Looks like your president wants to save you from yourselves...
Elimination of OTC Forex
Effective 90 days from its inception, the Dodd-Frank Act bans most retail OTC forex transactions. Section 742(c) of the Act states as follows:
...A person [which includes companies] shall not offer to, or enter into with, a person that is not an eligible contract participant, any agreement, contract, or transaction in foreign currency except pursuant to a rule or regulation of a Federal regulatory agency allowing the agreement, contract, or transaction under such terms and conditions as the Federal regulatory agency shall prescribe...

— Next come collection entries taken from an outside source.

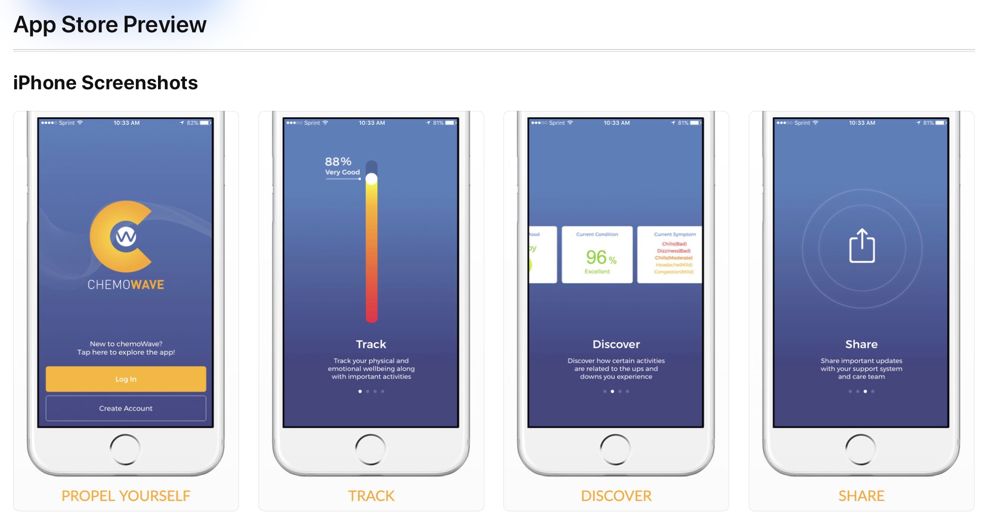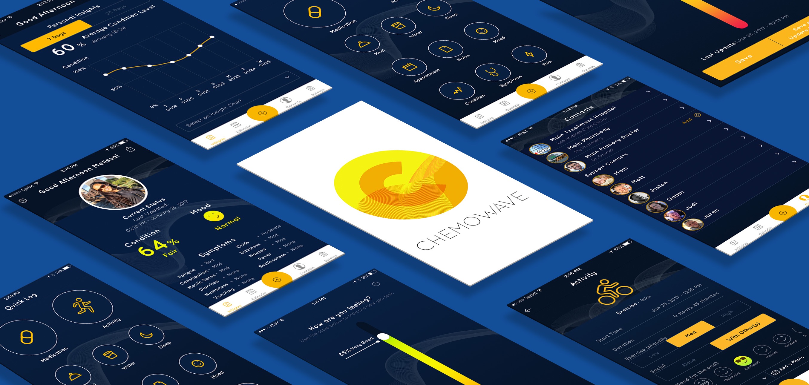 chemoWave is a mobile application that helps chemotherapy patients track their activities and treatment experience, and provides them with insights that enable them to work more effectively with their support team to better control the side effects and symptoms they experience.
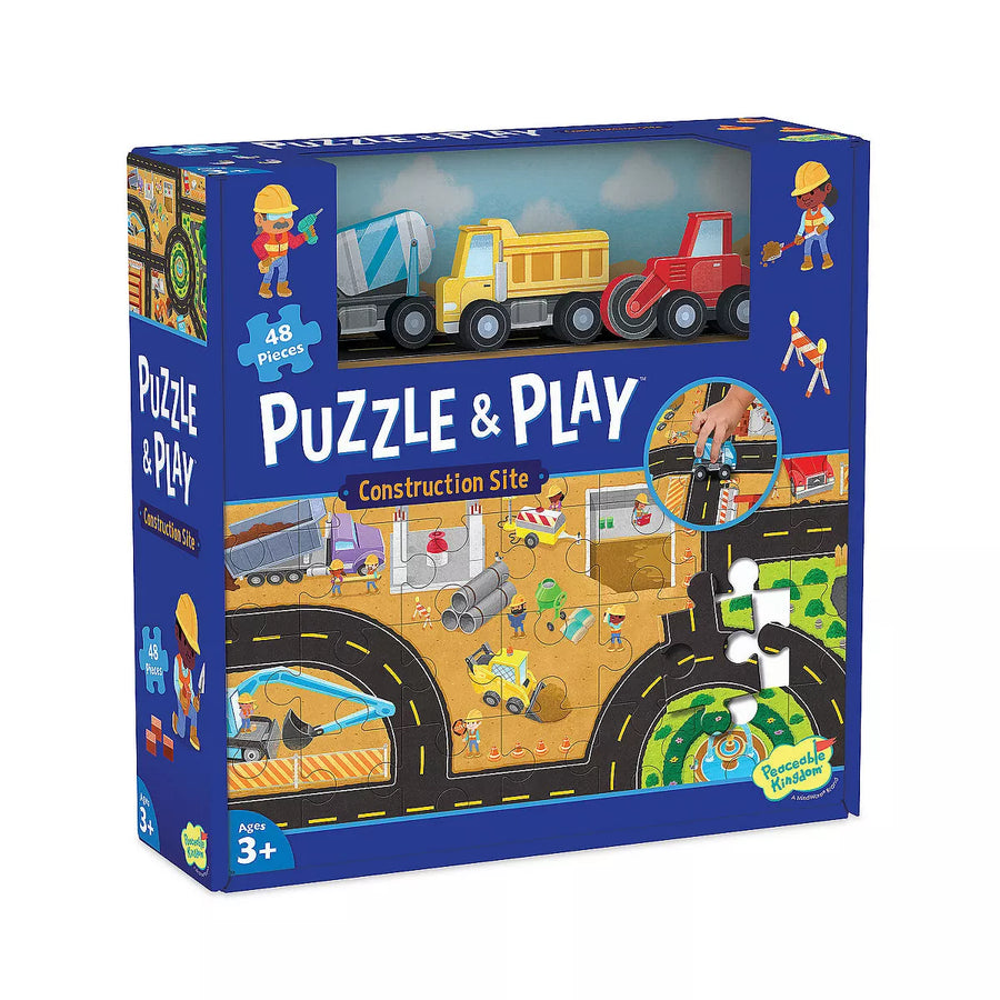 Description : 3 wooden construction vehicles with working wheels Visual recognition, cooperation, fine motor development, problem solving and cognitive skills Completed puzzle measures 26” x 36” Age Recommendation: 3 & Up
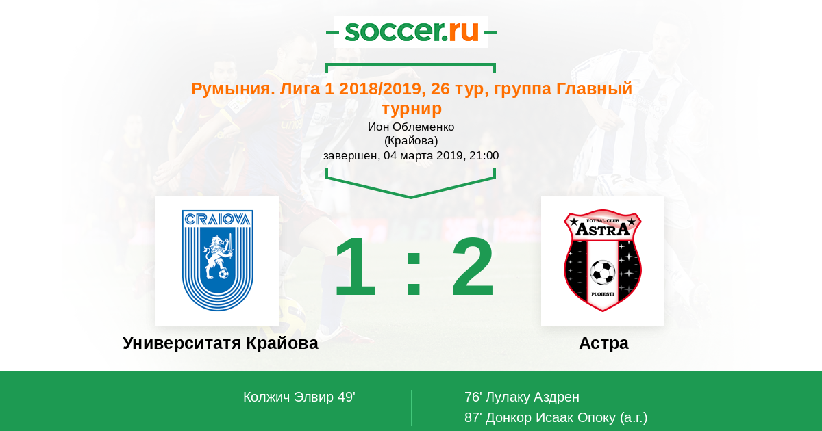 76' (1:1) Лулаку Аздрен (10) (Белу-Йордаче Клаудиу (70))
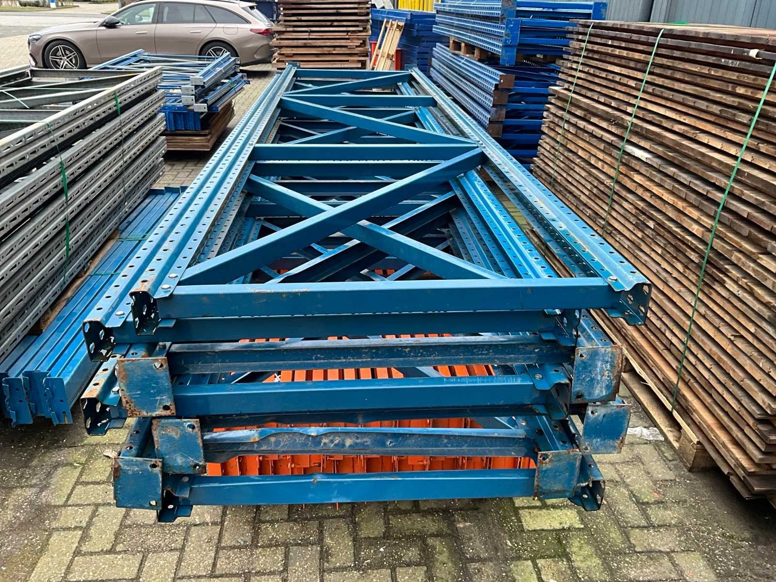 Sectie afm. b: 2700mm Sectie diepte: 900mm Sectie afm. h: 3750mm Aantal staanders: 7 Aantal liggers: 41 Aantal legborden: 29 Demontabel: true Materiaal: Metaal
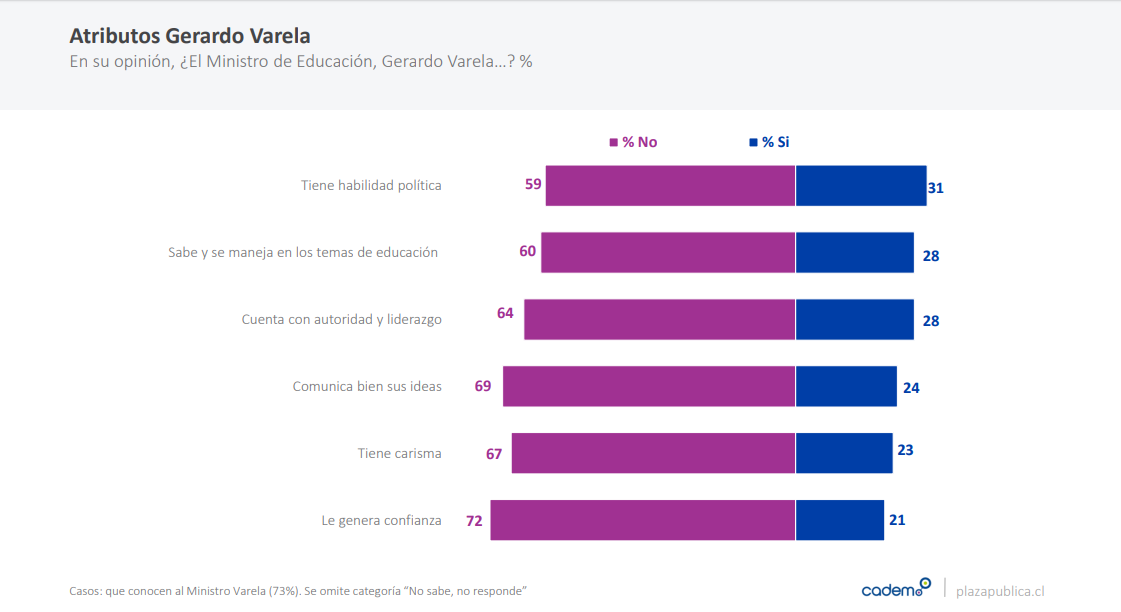 Respecto a lo atributos del titular del Mineduc, un 59% dice que no tiene habilidad política, un 60% señala que no sabe y maneja los temas de educación, un 69% cree que no comunica bien sus ideas, un 67% que no tiene carisma y un 72% que no genera confianza.
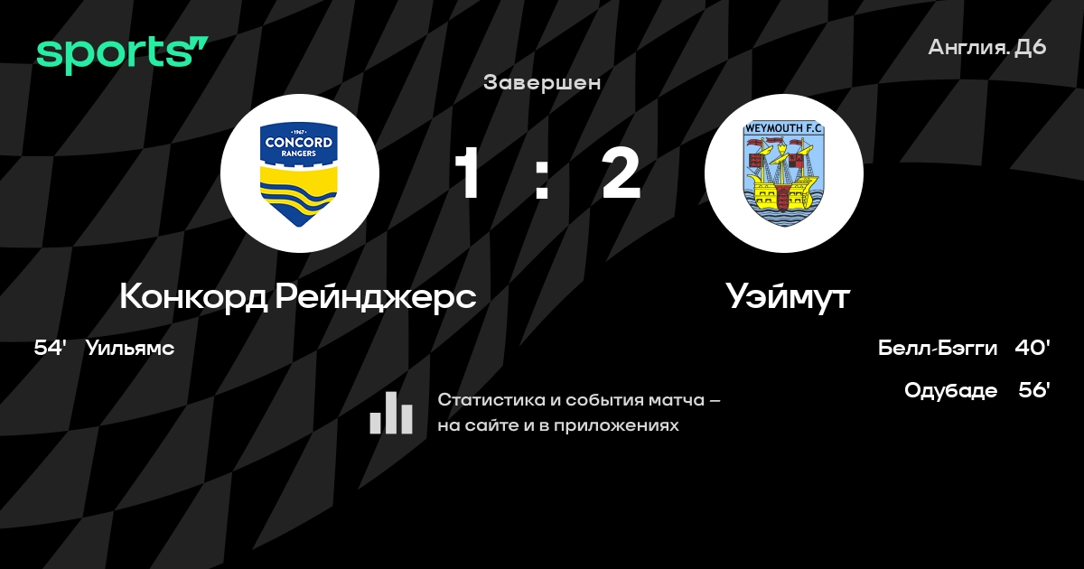 Конкорд Рейнджерс – Уэймут: коэффициенты
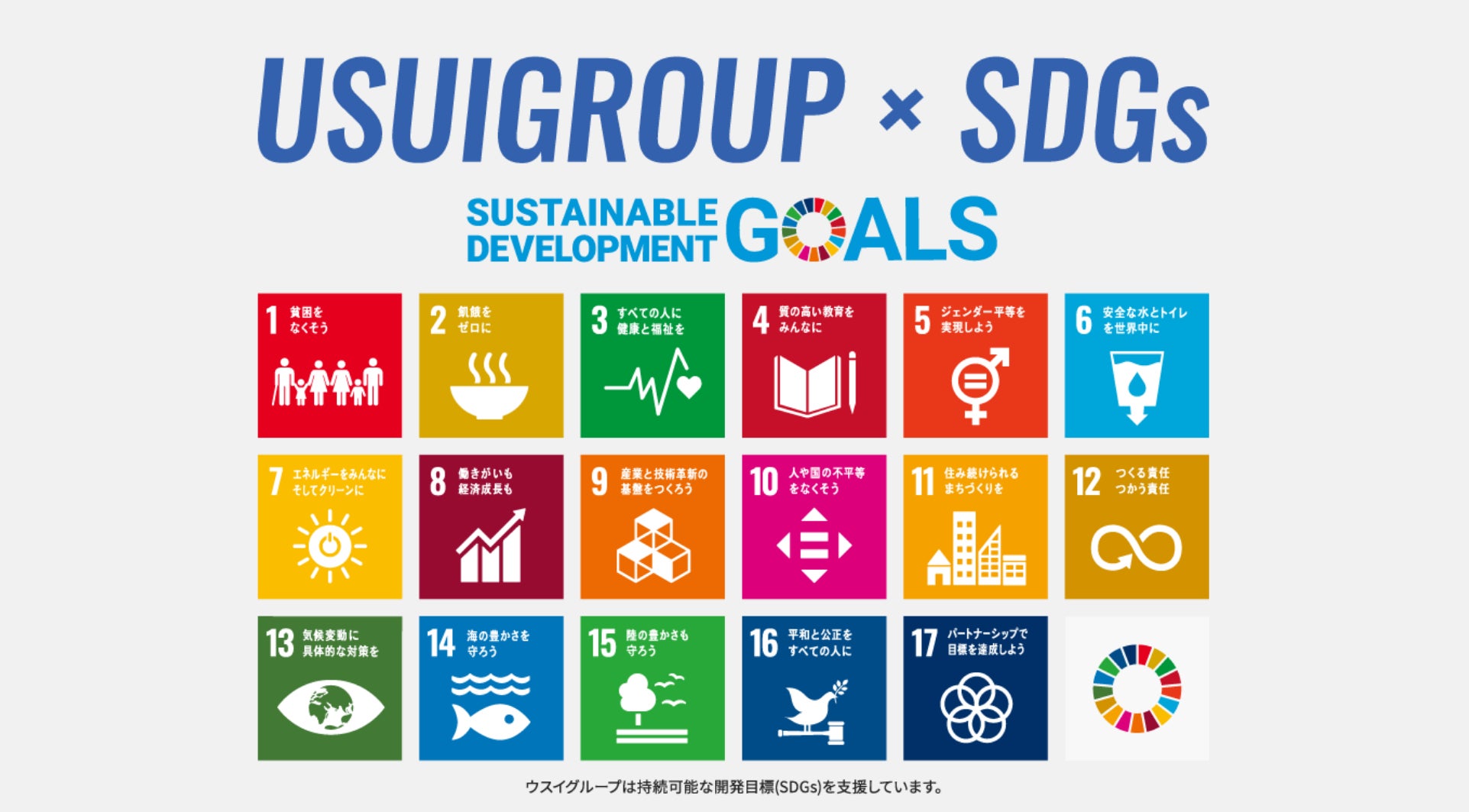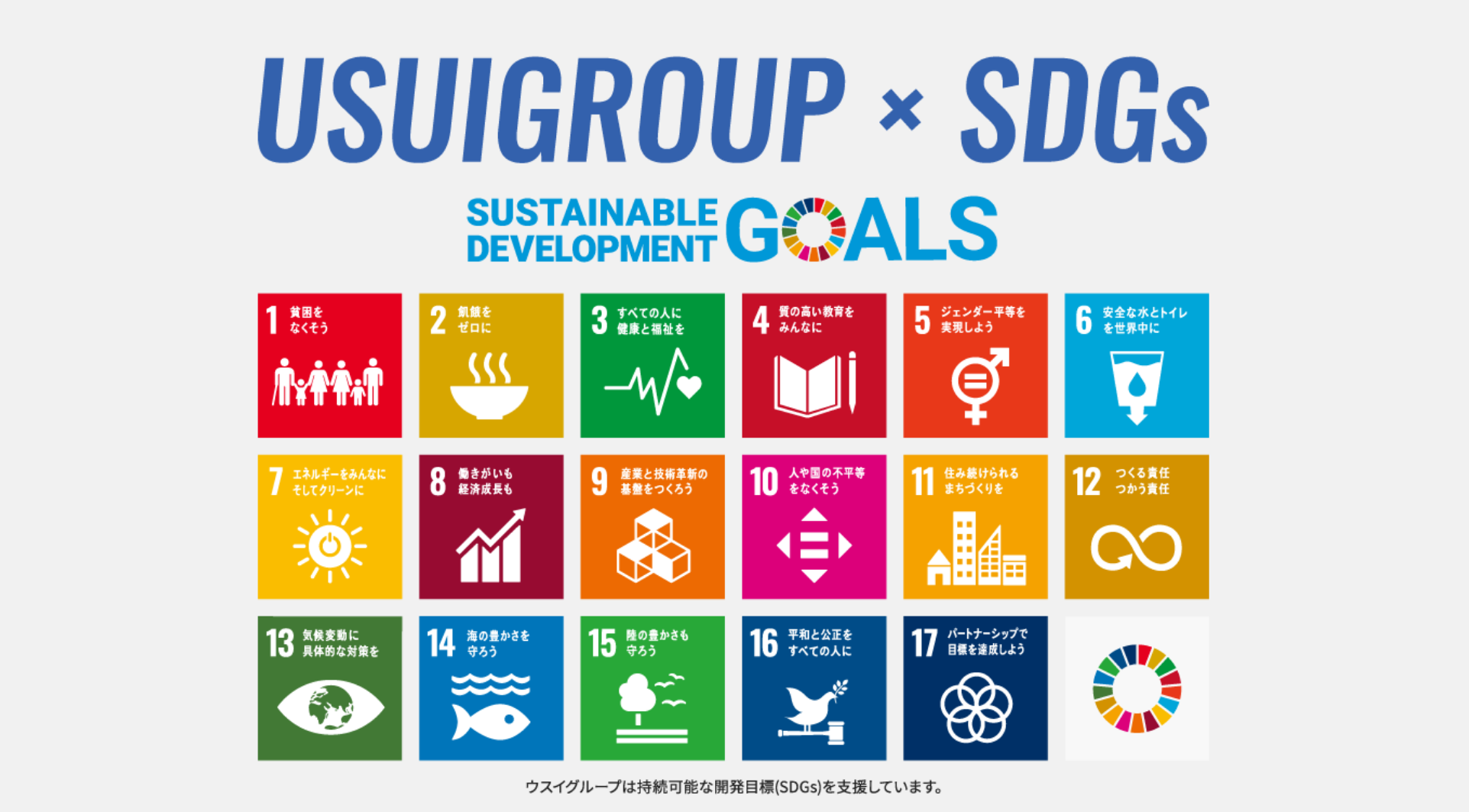 ウスイグループではSDGsへの取り組み・全社を挙げた意識改革として、各店舗・部門で以下の5つの施策から1つを選定し、実施しています。
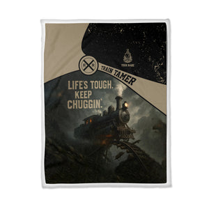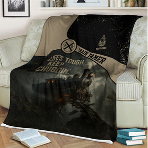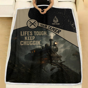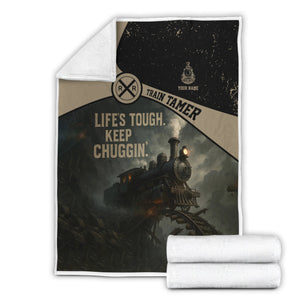 Railspirit Personalized Blanket Life's Tough Keep Chuggin' Vintage Train Blanket for Train Tamer

This provision will not come into effect, however, if the CFTC or another eligible federal body issues guidelines relating to the regulation of foreign currency within 90 days of its enactment. Registrants and the public are currently being encouraged by the CFTC to provide insight into how the Act should be enforced. See CFTC Rulemakings regarding OTC Derivatives located at the following website address, under Section XX - Foreign Currency (Retail Off Exchange). As this provision is potentially devastating to the forex industry, affected readers are encouraged to voice their opinions to the CFTC directly. To do so commentary should be forwarded to via email to:
Attn: David A. Stawick, Secretary
Commodity Futures Trading Commission
Three Lafayette Center
1155 21st Street, NW
Washington, DC 20581
It is essential that OTC forex participants seek professional help to discuss possible operational and regulatory contingency plans.